What you need to do: In the records below, find the line containing "Jewish Daily School (Grade 6) Johannesburg." and repeat it and every line after it exactly, without pictures.

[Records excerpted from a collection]
______________________________
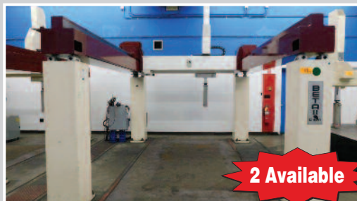
DEA Beta II CMM
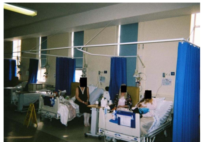
Fig. 5. Surgical ward, pre-move.

The physical barriers to socialisation for patients in the new hospital meant reduced opportunities for patients to help and support each other when staff were not immediately available. Following the move to the new hospital building, a nurse from the surgical ward commented:
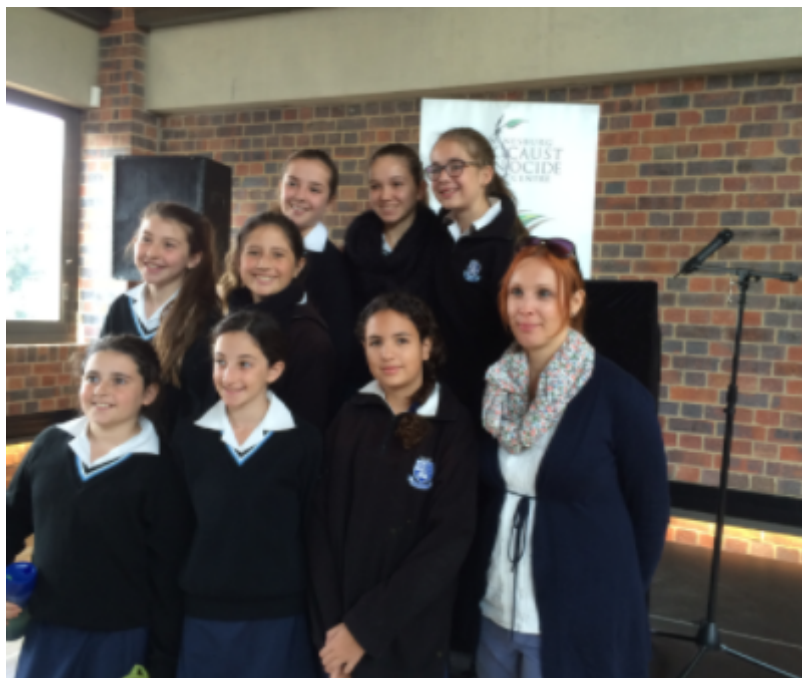
Jewish Daily School (Grade 6) Johannesburg.
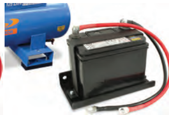
12V Battery Kit SM
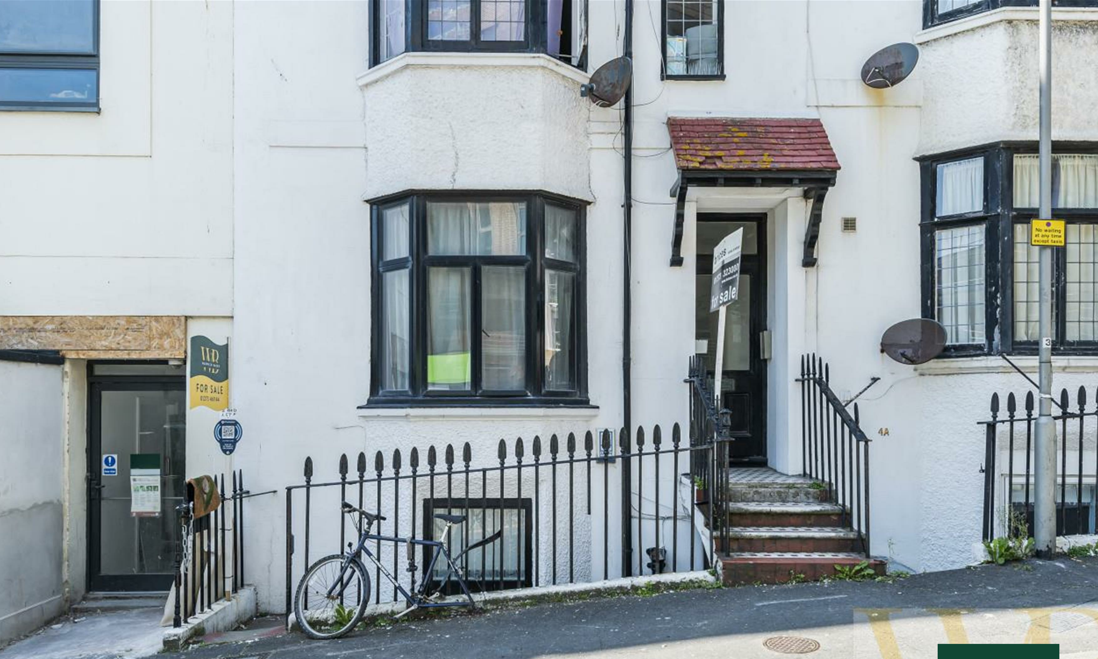
Basement Flat 1 3, Queen Square | | Brighton | BN1 3FD
______________________________
Solution:
Jewish Daily School (Grade 6) Johannesburg.
12V Battery Kit SM
Basement Flat 1 3, Queen Square | | Brighton | BN1 3FD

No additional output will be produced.